** Extracted material follows **
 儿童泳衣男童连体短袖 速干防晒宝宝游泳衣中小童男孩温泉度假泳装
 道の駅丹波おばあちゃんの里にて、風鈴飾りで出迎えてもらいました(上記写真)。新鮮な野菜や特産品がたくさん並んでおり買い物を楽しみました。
** End of Extracted material **
** Extracted material follows **
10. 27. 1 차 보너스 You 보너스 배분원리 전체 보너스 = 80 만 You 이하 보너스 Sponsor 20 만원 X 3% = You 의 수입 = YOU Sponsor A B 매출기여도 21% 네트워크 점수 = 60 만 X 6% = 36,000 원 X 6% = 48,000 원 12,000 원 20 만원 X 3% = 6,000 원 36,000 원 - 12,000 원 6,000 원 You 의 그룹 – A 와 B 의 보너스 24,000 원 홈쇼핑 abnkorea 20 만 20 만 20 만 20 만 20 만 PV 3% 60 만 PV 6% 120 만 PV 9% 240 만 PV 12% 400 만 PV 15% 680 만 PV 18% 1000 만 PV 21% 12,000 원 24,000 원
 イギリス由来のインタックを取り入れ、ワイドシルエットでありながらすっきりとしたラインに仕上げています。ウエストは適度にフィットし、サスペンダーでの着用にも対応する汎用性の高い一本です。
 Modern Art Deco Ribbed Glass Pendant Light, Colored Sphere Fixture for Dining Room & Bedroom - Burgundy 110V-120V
** End of Extracted material **
Give back, unchanged, the run of lines in the listing above that begins at the line containing "イギリス由来のインタックを取" and ends at the line containing "Modern Art Deco", both included.

> [Result]:
 イギリス由来のインタックを取り入れ、ワイドシルエットでありながらすっきりとしたラインに仕上げています。ウエストは適度にフィットし、サスペンダーでの着用にも対応する汎用性の高い一本です。
 Modern Art Deco Ribbed Glass Pendant Light, Colored Sphere Fixture for Dining Room & Bedroom - Burgundy 110V-120V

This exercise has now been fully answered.